Intel i5-3570k on Newegg for $230:
http://www.newegg.com/Product/Product.aspx?Item=N82E168...


Two better RAM choices for ~$50:
http://www.newegg.com/Product/Product.aspx?Item=N82E168...

http://www.newegg.com/Product/Product.aspx?Item=N82E168...


A GTX 590 is essentially two hobbled 580s in SLI on a single PCB, so if you're planning on getting TWO 590s you're basically looking at quad-SLI 580s. You're looking at some pretty massive power draw and heat generation in that case, and I'm frankly skeptical of the price you're quoting. Most places don't even carry the 590 any more, and unless you're buying from the black market, I don't think you're going to find em for $225 each / $550 for a pair.
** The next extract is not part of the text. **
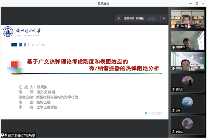 此次线上研讨会由兰州理工大学红柳学科建设经费资助。会议的成功召开,给大家提供了一次分享成果、交流思想、碰撞观点的机会和平台,也为我校力学学科的持续发展提供了新模式新路径。(撰稿:何鹏飞;终审:刘全恩)

Even if you're talking about $550 per and $1100 for a pair, I'd say that's closer to a tossup considering that's more than a 690, which is two 680s almost fully enabled on the same board, with much lower temps and power draw. So not only would a 690 be cheaper out the gate, you won't have to invest in extra ridiculous cooling / 1000 W PSU, and it would be more than capable of giving you all the performance you can handle. In some benches, a 690 nearly doubles that of the 590.

I'd also still suggest a larger than $120 SSD unless you only play a couple games or don't mind having to juggle your active apps around.

It's your money though, do what you think is best. Just offering advice, it makes no matter to me either way.